**Work instruction**
The answer is to be all of the data below, reproduced exactly.

[[ Given data open ]]

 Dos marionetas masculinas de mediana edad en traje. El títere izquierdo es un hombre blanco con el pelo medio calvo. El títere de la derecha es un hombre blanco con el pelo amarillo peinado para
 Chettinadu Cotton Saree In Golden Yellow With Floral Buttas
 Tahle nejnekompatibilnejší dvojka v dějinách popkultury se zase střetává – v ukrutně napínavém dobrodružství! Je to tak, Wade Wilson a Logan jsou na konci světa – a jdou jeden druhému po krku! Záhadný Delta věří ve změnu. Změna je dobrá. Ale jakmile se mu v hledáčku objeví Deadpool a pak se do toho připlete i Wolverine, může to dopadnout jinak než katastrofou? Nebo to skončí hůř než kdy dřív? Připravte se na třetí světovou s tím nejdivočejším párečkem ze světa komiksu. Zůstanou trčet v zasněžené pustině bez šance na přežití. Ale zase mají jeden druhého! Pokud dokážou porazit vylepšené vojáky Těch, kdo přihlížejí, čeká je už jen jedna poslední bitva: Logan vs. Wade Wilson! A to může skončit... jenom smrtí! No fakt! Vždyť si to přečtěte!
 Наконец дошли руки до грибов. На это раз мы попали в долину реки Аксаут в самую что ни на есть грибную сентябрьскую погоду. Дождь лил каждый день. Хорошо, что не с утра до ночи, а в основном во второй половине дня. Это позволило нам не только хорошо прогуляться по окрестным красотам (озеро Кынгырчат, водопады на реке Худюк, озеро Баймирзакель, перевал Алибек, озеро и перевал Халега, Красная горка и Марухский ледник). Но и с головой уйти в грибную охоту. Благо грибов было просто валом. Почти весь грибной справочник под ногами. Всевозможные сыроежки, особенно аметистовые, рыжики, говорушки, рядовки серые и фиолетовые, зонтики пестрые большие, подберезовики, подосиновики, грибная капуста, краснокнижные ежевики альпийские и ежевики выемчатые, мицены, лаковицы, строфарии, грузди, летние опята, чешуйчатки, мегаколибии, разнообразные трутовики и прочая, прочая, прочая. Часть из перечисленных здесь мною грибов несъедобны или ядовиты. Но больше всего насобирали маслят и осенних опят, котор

[[ Given data closed ]]

**Problem solution**
 Dos marionetas masculinas de mediana edad en traje. El títere izquierdo es un hombre blanco con el pelo medio calvo. El títere de la derecha es un hombre blanco con el pelo amarillo peinado para
 Chettinadu Cotton Saree In Golden Yellow With Floral Buttas
 Tahle nejnekompatibilnejší dvojka v dějinách popkultury se zase střetává – v ukrutně napínavém dobrodružství! Je to tak, Wade Wilson a Logan jsou na konci světa – a jdou jeden druhému po krku! Záhadný Delta věří ve změnu. Změna je dobrá. Ale jakmile se mu v hledáčku objeví Deadpool a pak se do toho připlete i Wolverine, může to dopadnout jinak než katastrofou? Nebo to skončí hůř než kdy dřív? Připravte se na třetí světovou s tím nejdivočejším párečkem ze světa komiksu. Zůstanou trčet v zasněžené pustině bez šance na přežití. Ale zase mají jeden druhého! Pokud dokážou porazit vylepšené vojáky Těch, kdo přihlížejí, čeká je už jen jedna poslední bitva: Logan vs. Wade Wilson! A to může skončit... jenom smrtí! No fakt! Vždyť si to přečtěte!
 Наконец дошли руки до грибов. На это раз мы попали в долину реки Аксаут в самую что ни на есть грибную сентябрьскую погоду. Дождь лил каждый день. Хорошо, что не с утра до ночи, а в основном во второй половине дня. Это позволило нам не только хорошо прогуляться по окрестным красотам (озеро Кынгырчат, водопады на реке Худюк, озеро Баймирзакель, перевал Алибек, озеро и перевал Халега, Красная горка и Марухский ледник). Но и с головой уйти в грибную охоту. Благо грибов было просто валом. Почти весь грибной справочник под ногами. Всевозможные сыроежки, особенно аметистовые, рыжики, говорушки, рядовки серые и фиолетовые, зонтики пестрые большие, подберезовики, подосиновики, грибная капуста, краснокнижные ежевики альпийские и ежевики выемчатые, мицены, лаковицы, строфарии, грузди, летние опята, чешуйчатки, мегаколибии, разнообразные трутовики и прочая, прочая, прочая. Часть из перечисленных здесь мною грибов несъедобны или ядовиты. Но больше всего насобирали маслят и осенних опят, котор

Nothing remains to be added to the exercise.